# [DATA TO USE]
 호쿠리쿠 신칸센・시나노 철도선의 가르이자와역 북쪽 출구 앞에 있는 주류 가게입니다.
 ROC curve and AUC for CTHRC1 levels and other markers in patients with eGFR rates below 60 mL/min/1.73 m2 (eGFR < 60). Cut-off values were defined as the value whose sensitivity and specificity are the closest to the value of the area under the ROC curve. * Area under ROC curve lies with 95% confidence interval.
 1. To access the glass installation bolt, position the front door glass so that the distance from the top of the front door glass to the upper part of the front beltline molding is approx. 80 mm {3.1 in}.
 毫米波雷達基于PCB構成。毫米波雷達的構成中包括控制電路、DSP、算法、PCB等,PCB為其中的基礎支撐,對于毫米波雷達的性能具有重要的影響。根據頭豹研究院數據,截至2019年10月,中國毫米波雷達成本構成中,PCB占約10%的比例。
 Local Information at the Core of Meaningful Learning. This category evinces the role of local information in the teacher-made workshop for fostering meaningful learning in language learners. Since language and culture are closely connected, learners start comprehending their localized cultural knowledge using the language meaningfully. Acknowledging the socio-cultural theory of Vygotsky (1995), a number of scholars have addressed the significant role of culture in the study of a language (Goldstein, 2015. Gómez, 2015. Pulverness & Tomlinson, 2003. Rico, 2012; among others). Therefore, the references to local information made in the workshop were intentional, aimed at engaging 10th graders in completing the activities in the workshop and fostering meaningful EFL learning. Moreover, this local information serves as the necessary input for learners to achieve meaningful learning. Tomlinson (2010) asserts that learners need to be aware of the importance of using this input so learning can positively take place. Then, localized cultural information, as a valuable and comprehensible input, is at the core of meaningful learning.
--
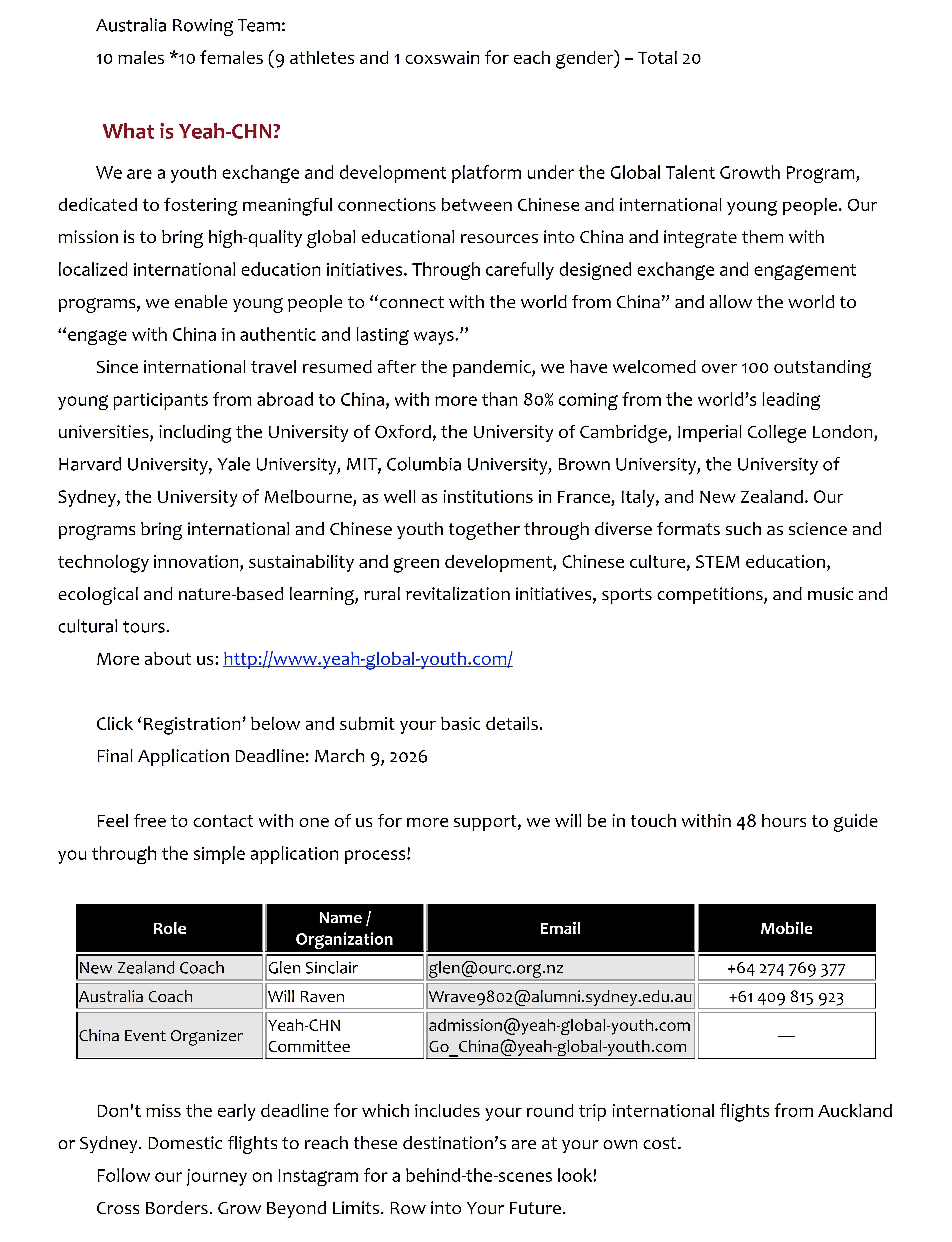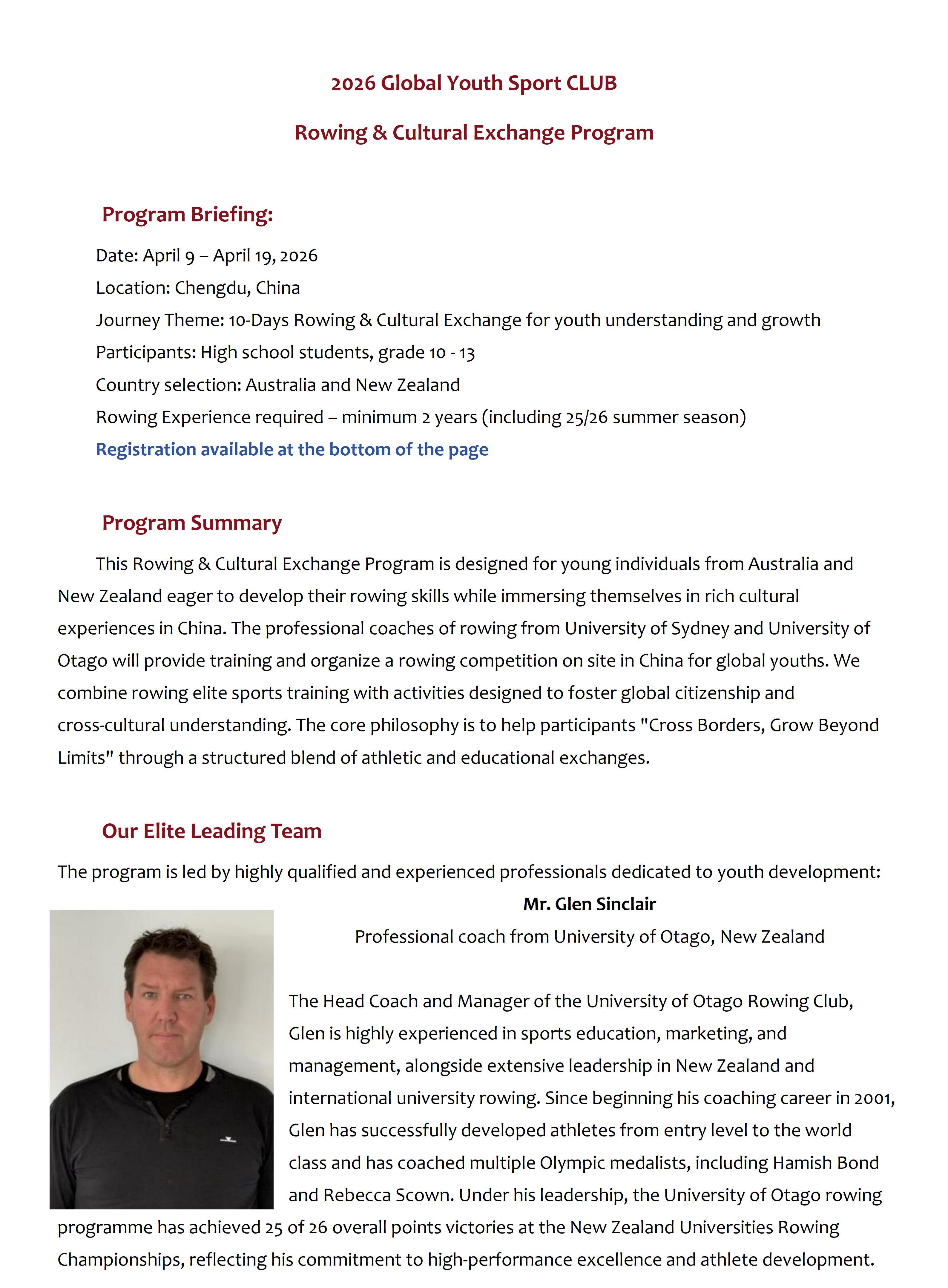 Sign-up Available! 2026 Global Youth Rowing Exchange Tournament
--
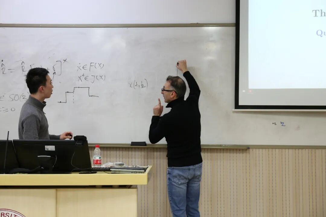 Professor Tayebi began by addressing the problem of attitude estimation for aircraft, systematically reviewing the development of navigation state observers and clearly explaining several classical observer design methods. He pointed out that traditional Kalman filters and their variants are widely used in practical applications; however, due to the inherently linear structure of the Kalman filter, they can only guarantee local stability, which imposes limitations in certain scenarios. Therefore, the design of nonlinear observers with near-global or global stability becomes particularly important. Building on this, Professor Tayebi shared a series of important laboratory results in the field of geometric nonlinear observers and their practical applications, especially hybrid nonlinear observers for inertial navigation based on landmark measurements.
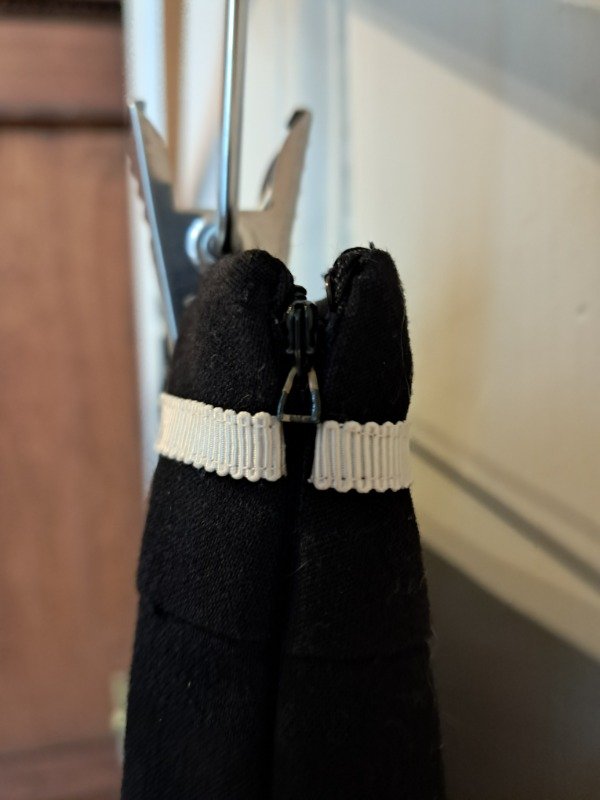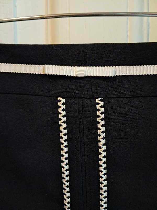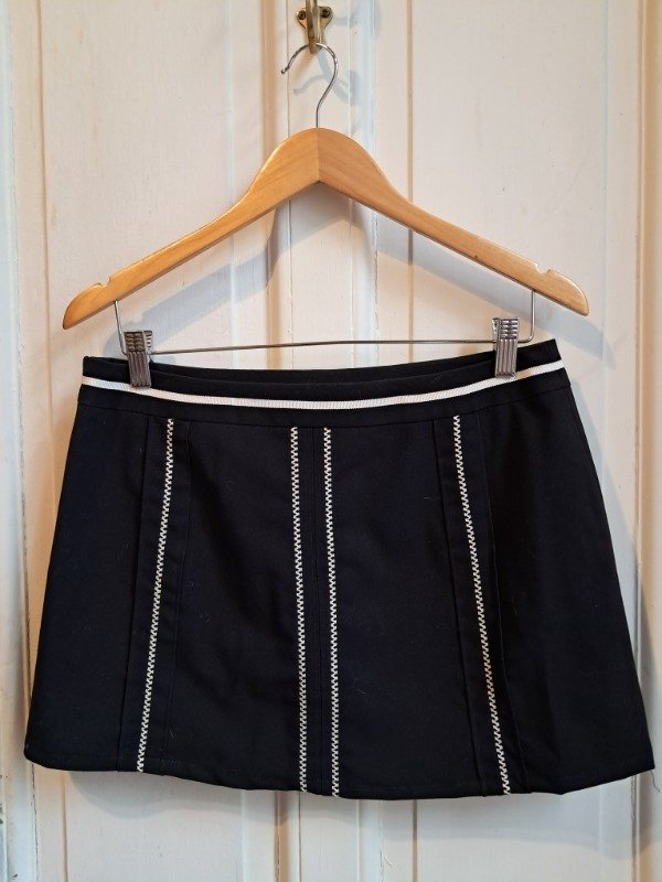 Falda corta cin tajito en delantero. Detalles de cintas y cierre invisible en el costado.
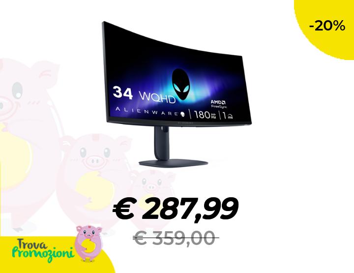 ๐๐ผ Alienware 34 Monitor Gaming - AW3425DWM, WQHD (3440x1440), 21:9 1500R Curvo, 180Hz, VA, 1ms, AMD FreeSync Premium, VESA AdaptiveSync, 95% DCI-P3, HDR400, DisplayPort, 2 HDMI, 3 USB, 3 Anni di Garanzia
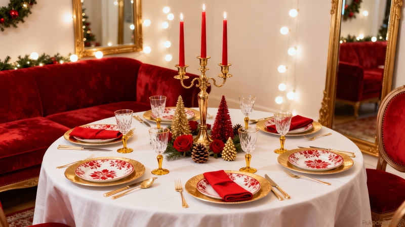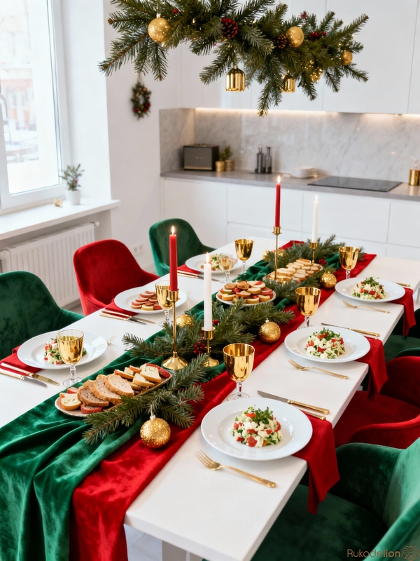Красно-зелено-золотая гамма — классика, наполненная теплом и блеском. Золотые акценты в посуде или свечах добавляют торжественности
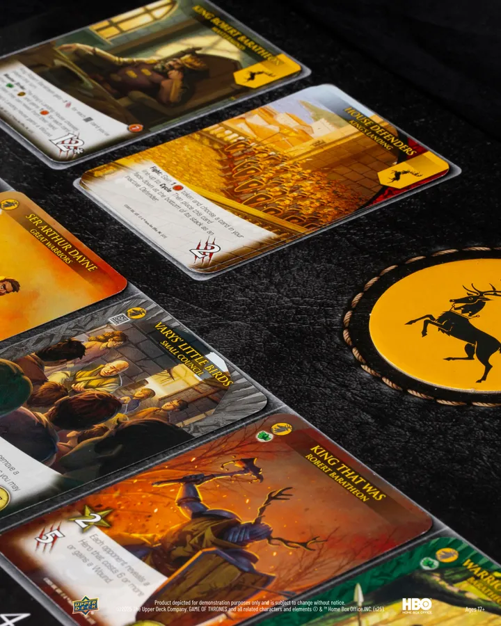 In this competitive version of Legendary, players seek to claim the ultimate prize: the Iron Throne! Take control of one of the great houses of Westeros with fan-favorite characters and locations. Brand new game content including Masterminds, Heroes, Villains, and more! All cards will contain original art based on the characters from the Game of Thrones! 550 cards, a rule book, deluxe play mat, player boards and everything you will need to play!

# [EXERCISE GOAL]
Beginning at the line above that contains "Professor Tayebi began", repeat each line exactly through the one that contains "Красно-зелено-золотая гамма —", and leave out the pictures.

# [SOLUTION]
 Professor Tayebi began by addressing the problem of attitude estimation for aircraft, systematically reviewing the development of navigation state observers and clearly explaining several classical observer design methods. He pointed out that traditional Kalman filters and their variants are widely used in practical applications; however, due to the inherently linear structure of the Kalman filter, they can only guarantee local stability, which imposes limitations in certain scenarios. Therefore, the design of nonlinear observers with near-global or global stability becomes particularly important. Building on this, Professor Tayebi shared a series of important laboratory results in the field of geometric nonlinear observers and their practical applications, especially hybrid nonlinear observers for inertial navigation based on landmark measurements.
 Falda corta cin tajito en delantero. Detalles de cintas y cierre invisible en el costado.
 ๐๐ผ Alienware 34 Monitor Gaming - AW3425DWM, WQHD (3440x1440), 21:9 1500R Curvo, 180Hz, VA, 1ms, AMD FreeSync Premium, VESA AdaptiveSync, 95% DCI-P3, HDR400, DisplayPort, 2 HDMI, 3 USB, 3 Anni di Garanzia
Красно-зелено-золотая гамма — классика, наполненная теплом и блеском. Золотые акценты в посуде или свечах добавляют торжественности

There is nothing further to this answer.